To be able to use custom endpoints with the latest Spark distribution, one needs to add an external package (hadoop-aws
). Then, custum endpoints can be configured according to docs.
bin/spark-shell --packages org.apache.hadoop:hadoop-aws:2.7.2
Add this to your application, or in the spark-shell
:
sc.hadoopConfiguration.set("fs.s3a.endpoint", "<<ENDPOINT>>");
sc.hadoopConfiguration.set("fs.s3a.access.key","<<ACCESS_KEY>>");
sc.hadoopConfiguration.set("fs.s3a.secret.key","<<SECRET_KEY>>");
If your endpoint doesn't support HTTPS, then you'll need the following:
sc.hadoopConfiguration.set("fs.s3a.connection.ssl.enabled", "false");
You can use s3a urls like this:
s3a://<<BUCKET>>/<<FOLDER>>/<<FILE>>
Also, it is possible to use the credentials in the path:
s3a://<<ACCESS_KEY>>:<<SECRET_KEY>>@<<BUCKET>>/<<FOLDER>>/<<FILE>>
I am getting this error when I am reading S3 local instance.
The confs I have set are -
val sparkConf = new SparkConf().setAppName("testing") .set("fs.s3a.endpoint", "http://127.0.0.1:9090") .set("fs.s3a.multipart.size", "104857600) .set("fs.s3a.connection.ssl.enabled", "false") .set("fs.s3a.access.key", "adfadf") .set("fs.s3a.secret.key", "qerqer")
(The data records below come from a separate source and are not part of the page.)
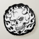 Een handgetekende duivelse schedel omkranst in het vuur van de hel.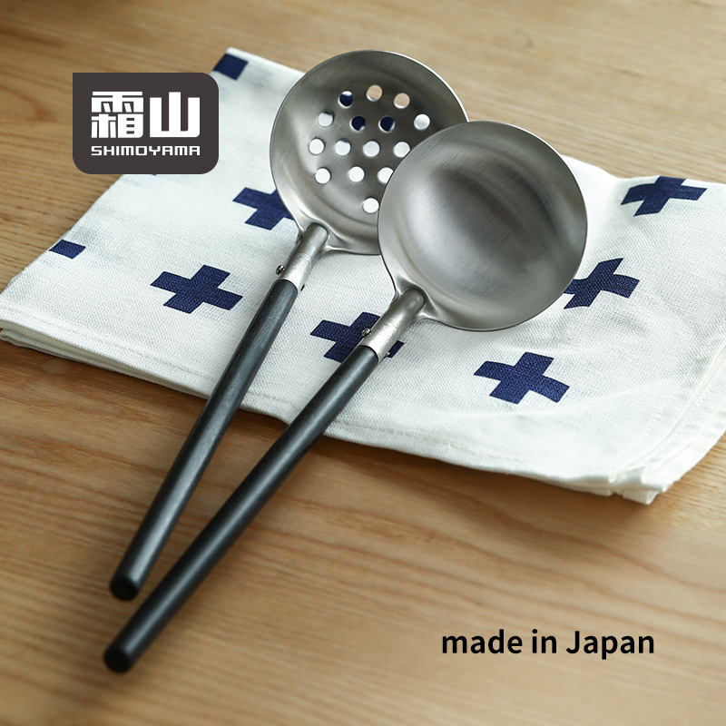霜山304ステンレススプーン漏れスプーン日本輸入家庭用木柄スプーン鍋おでん長柄スプーン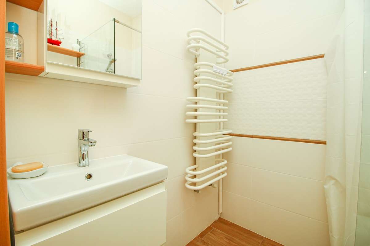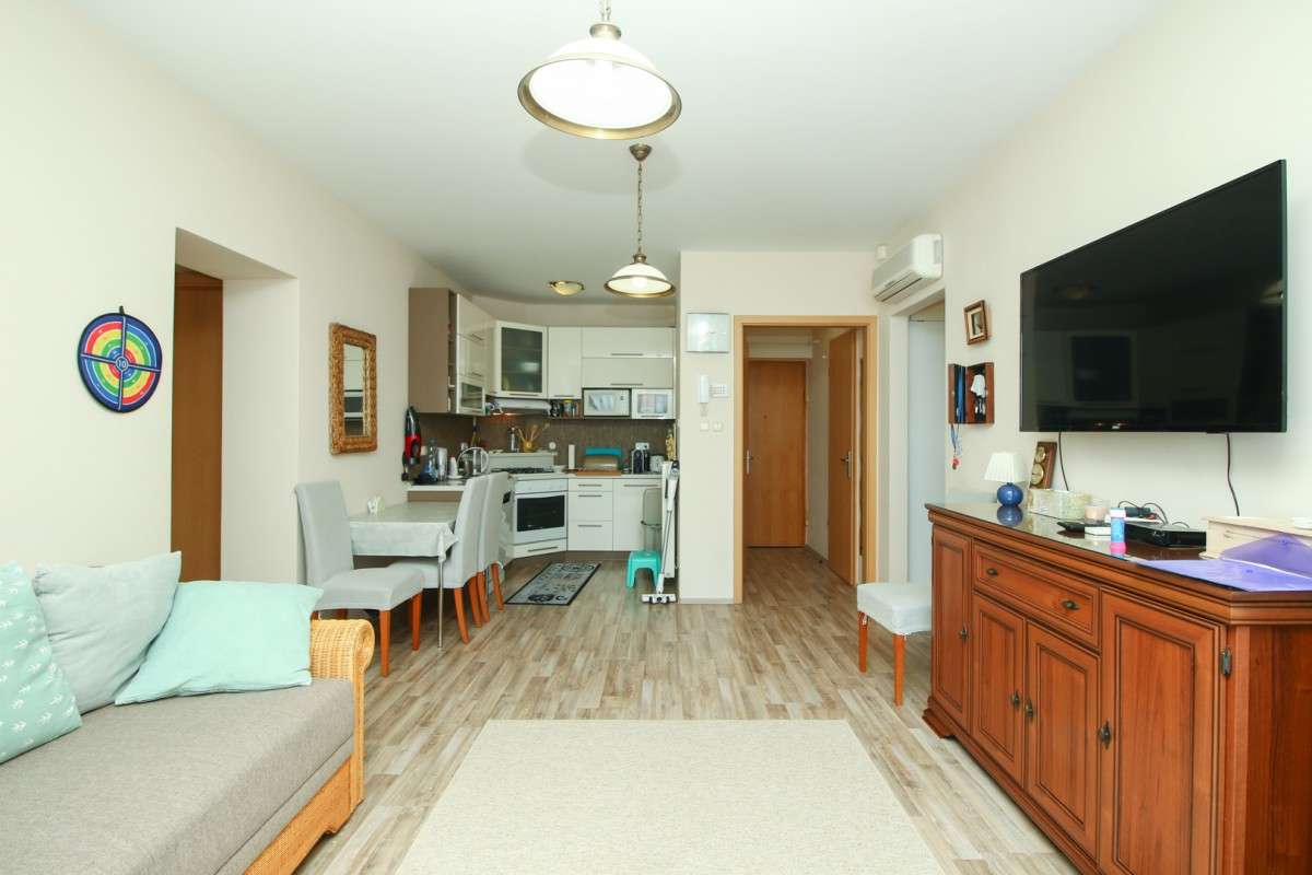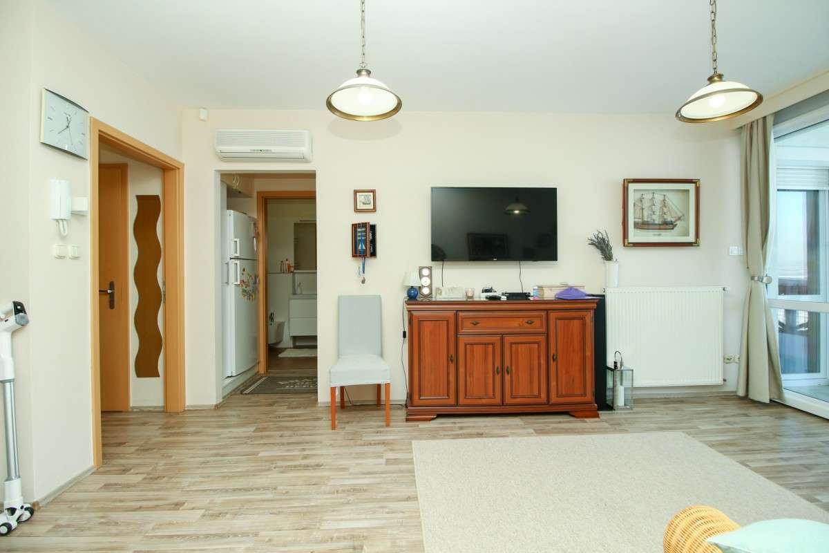 A kényelmes amerikai konyha nappaliban nagyméretű TV kábelcsatornákkal. A hálószobák igényesen vannak bútorozva, mindhárom franciaágyas, klimatizált, az egyik TV-vel berendezve Az apartman minőségi burkolatokkal, szúnyoghálóval, redőnnyel rendelkezik. A konyha teljesen felszerelt, mosogatógép, hűtő-fagyasztóval, sütő, főzőlap, kávéfőző, kenyérpirító, sütő, vízforraló, vízforraló, edények áll rendelkezésre.

java.lang.IllegalArgumentException
at java.base/java.util.concurrent.ThreadPoolExecutor.(ThreadPoolExecutor.java:1293)
at java.base/java.util.concurrent.ThreadPoolExecutor.(ThreadPoolExecutor.java:1215)
at org.apache.hadoop.fs.s3a.S3AFileSystem.initialize(S3AFileSystem.java:280)